Gravitational Waves From SU(N) Glueball Dark Matter

TL;DR

This paper investigates gravitational waves emitted by binary boson stars composed of dark glueball fields in a hidden SU(N) gauge sector, linking fundamental parameters to observable signals for current and future detectors.

Contribution

It derives the mass and radius of dark SU(N) boson stars based on the glueball mass and number of colors, and assesses their detectability via gravitational wave observatories.

Findings

Dark glueball boson stars have specific mass-radius relations.

Certain parameter regions are detectable by LIGO and future observatories.

The model connects fundamental gauge theory parameters to gravitational wave signals.

Abstract

A hidden sector with pure non-abelian gauge symmetry is an elegant and just about the simplest model of dark matter.
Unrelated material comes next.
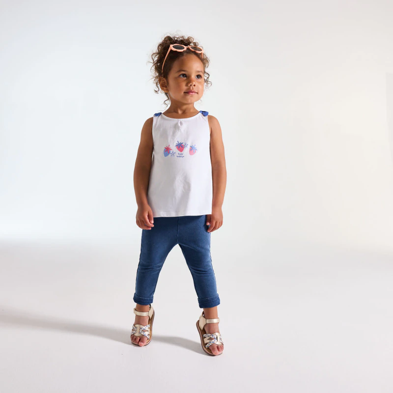 Вам понравятся детали этих легинсов с джинсовым эффектом, а их эластичный пояс с воланами приведет в восторг юных кокеток. Модель с удобным эластичным кроем, которую можно носить в качестве брюк или под юбку.

In this model the dark matter candidate is the lightest bound state made of the confined gauge fields, the dark glueball. In spite of its simplicity, the model has been shown to have several interesting non-standard implications in cosmology. In this work, we explore the gravitational waves from binary boson stars made of self-gravitating dark glueball fields as a natural and important consequence. We derive the dark SU($N$) star mass and radius as functions of the only two fundamental parameters in the model, the glueball mass $m$ and the number of colors $N$, and identify the regions that could be probed by the LIGO and future gravitational wave observatories.